_WHAT TO WORK ON_. Could you write out the opening lines of the data, word for word, stopping after the line that contains "18 Brochetas de"?

(Records from a dataset)
◆ ◆ ◆ ◆ ◆ ◆ ◆
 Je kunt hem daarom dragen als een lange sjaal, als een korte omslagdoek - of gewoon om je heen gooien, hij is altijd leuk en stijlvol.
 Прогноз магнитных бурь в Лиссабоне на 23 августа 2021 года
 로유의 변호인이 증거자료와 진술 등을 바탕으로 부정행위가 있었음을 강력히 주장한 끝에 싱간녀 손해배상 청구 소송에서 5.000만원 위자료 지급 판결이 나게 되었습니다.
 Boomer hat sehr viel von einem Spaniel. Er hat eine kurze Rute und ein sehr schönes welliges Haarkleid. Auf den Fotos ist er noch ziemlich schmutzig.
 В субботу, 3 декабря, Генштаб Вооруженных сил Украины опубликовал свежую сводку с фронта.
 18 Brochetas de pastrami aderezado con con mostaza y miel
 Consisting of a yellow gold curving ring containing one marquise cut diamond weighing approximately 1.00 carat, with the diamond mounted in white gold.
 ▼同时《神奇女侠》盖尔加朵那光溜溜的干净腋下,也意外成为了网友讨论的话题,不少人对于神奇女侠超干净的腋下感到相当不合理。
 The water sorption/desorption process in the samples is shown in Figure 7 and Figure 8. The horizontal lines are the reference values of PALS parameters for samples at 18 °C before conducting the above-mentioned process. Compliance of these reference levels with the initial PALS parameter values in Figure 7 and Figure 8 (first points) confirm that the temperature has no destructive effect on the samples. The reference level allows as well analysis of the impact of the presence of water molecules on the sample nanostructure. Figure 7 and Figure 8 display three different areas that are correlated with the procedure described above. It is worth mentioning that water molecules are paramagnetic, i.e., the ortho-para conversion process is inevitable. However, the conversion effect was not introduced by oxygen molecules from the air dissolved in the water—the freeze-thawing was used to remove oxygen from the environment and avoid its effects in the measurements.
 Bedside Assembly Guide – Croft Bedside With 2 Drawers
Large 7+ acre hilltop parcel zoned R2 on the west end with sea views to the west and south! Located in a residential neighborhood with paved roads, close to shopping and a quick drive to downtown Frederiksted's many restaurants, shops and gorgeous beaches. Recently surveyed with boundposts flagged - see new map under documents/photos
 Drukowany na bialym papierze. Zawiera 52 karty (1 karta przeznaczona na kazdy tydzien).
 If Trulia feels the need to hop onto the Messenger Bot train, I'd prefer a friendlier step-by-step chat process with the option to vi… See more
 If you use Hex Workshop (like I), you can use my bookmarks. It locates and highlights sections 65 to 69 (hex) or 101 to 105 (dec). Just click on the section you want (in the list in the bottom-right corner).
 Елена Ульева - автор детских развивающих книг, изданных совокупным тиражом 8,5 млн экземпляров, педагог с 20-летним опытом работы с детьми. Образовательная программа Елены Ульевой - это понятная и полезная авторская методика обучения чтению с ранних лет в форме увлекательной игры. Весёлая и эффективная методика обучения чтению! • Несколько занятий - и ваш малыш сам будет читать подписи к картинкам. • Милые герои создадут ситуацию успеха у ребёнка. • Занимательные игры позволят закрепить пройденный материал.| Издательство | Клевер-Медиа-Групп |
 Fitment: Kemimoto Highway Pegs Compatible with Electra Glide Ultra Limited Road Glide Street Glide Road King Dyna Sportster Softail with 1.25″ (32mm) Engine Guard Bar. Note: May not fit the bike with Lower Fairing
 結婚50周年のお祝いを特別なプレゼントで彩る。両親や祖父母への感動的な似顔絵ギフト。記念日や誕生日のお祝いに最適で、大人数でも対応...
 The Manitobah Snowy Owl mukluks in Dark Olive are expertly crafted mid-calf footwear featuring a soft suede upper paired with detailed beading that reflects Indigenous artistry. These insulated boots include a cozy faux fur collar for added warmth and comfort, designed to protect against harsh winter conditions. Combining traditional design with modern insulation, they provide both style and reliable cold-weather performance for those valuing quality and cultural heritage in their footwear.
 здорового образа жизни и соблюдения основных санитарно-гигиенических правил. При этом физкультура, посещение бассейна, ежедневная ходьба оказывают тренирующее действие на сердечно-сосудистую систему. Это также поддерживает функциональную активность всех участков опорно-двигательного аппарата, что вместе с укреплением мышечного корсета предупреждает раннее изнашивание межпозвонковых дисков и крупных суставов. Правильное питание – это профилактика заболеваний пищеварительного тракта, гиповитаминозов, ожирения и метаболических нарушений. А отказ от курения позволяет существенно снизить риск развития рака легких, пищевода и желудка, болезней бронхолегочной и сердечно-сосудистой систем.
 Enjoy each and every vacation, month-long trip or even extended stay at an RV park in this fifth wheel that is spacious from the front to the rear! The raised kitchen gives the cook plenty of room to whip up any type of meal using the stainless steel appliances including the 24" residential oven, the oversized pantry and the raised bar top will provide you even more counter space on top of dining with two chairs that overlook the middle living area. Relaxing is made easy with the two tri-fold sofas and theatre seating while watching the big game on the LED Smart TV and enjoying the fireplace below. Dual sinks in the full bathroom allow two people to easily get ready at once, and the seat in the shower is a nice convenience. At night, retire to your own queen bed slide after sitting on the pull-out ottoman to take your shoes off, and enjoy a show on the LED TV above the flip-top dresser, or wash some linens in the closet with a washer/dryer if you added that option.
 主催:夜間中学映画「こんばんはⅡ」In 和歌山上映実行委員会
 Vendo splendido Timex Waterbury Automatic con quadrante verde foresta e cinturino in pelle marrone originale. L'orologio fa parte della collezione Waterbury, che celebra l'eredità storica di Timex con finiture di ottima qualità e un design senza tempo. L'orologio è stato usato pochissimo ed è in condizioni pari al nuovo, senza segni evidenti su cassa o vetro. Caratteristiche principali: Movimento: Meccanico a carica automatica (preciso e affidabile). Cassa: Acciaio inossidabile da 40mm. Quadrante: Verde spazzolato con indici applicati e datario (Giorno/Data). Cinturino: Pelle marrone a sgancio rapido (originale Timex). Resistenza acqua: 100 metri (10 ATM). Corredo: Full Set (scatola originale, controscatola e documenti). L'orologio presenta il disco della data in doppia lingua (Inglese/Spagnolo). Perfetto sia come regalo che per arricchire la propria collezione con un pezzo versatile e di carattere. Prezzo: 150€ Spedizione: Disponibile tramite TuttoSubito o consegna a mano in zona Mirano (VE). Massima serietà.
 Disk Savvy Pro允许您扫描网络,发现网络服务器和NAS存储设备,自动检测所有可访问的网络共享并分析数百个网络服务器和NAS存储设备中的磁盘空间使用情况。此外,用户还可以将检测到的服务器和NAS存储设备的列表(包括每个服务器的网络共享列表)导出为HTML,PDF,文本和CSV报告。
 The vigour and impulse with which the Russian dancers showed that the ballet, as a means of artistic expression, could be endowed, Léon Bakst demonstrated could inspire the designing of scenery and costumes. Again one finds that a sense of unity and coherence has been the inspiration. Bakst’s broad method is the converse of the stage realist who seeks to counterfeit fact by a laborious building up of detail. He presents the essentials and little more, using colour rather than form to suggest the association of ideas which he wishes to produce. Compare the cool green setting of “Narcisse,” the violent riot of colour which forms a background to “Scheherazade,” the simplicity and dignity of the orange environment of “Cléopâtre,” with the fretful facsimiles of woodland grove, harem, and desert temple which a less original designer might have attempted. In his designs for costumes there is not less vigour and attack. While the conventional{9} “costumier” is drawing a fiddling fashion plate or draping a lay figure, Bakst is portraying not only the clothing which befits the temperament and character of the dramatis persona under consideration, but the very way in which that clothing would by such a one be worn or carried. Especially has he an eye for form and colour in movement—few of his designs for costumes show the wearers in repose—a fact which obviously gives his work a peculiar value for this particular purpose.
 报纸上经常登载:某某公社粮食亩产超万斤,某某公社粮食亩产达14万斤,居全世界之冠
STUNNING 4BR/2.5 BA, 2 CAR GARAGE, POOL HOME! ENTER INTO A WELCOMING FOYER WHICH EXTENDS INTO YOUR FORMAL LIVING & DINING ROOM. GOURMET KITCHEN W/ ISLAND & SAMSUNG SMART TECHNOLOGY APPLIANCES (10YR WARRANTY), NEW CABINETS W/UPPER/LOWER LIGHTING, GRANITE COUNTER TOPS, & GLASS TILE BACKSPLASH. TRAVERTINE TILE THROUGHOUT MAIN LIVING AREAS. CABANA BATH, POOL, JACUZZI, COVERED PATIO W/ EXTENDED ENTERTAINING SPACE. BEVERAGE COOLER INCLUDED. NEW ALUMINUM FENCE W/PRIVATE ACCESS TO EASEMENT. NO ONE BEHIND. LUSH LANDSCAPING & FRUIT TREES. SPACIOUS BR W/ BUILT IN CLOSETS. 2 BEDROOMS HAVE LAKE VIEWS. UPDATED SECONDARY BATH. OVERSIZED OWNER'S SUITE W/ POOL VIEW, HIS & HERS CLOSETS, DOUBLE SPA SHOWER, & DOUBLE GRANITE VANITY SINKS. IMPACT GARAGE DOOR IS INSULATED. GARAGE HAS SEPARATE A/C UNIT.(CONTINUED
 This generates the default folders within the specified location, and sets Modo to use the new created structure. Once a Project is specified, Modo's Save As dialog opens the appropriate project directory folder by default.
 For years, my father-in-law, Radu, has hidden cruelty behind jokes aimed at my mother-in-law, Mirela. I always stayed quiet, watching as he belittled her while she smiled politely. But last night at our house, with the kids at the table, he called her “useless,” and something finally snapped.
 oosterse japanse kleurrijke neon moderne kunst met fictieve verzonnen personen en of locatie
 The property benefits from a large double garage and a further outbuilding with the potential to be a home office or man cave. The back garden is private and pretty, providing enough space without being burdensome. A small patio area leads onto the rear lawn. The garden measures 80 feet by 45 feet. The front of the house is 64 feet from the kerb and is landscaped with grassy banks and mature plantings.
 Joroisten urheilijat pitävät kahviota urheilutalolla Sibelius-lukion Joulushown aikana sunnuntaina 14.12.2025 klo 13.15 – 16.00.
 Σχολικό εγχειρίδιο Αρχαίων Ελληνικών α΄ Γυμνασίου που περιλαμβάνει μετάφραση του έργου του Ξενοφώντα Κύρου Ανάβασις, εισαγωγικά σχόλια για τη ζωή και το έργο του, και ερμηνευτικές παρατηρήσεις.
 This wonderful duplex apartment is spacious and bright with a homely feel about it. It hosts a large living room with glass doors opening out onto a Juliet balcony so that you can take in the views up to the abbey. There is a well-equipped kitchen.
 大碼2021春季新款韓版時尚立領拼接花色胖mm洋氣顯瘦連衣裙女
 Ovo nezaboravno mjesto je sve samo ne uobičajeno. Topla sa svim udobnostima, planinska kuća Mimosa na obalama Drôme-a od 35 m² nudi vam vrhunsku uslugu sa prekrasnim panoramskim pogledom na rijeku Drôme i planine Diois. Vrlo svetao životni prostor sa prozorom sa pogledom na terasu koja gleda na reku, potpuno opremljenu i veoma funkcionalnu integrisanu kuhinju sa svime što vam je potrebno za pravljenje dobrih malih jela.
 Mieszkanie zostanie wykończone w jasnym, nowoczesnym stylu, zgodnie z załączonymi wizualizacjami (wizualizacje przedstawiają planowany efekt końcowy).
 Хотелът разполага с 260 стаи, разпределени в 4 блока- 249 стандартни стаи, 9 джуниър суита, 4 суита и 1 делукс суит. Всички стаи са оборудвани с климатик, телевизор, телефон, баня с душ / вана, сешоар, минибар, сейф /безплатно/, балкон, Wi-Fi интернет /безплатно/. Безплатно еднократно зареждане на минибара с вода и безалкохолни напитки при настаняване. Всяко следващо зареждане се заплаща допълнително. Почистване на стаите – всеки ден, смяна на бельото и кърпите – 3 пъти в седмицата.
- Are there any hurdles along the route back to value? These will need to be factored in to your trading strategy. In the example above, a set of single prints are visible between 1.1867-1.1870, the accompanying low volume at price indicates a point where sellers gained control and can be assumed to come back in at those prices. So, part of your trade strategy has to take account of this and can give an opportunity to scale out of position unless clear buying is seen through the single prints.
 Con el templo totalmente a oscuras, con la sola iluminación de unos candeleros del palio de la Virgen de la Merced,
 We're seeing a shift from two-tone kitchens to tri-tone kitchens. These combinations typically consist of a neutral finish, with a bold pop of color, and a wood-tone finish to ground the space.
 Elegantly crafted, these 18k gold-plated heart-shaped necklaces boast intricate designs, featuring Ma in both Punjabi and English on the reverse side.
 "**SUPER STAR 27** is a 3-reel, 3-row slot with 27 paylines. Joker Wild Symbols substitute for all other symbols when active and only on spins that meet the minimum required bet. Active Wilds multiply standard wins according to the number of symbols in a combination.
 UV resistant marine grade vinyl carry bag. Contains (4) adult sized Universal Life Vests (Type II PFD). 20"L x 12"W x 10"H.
◆ ◆ ◆ ◆ ◆ ◆ ◆
_RESULT OF THIS EXERCISE_.
 Je kunt hem daarom dragen als een lange sjaal, als een korte omslagdoek - of gewoon om je heen gooien, hij is altijd leuk en stijlvol.
 Прогноз магнитных бурь в Лиссабоне на 23 августа 2021 года
 로유의 변호인이 증거자료와 진술 등을 바탕으로 부정행위가 있었음을 강력히 주장한 끝에 싱간녀 손해배상 청구 소송에서 5.000만원 위자료 지급 판결이 나게 되었습니다.
 Boomer hat sehr viel von einem Spaniel. Er hat eine kurze Rute und ein sehr schönes welliges Haarkleid. Auf den Fotos ist er noch ziemlich schmutzig.
 В субботу, 3 декабря, Генштаб Вооруженных сил Украины опубликовал свежую сводку с фронта.
 18 Brochetas de pastrami aderezado con con mostaza y miel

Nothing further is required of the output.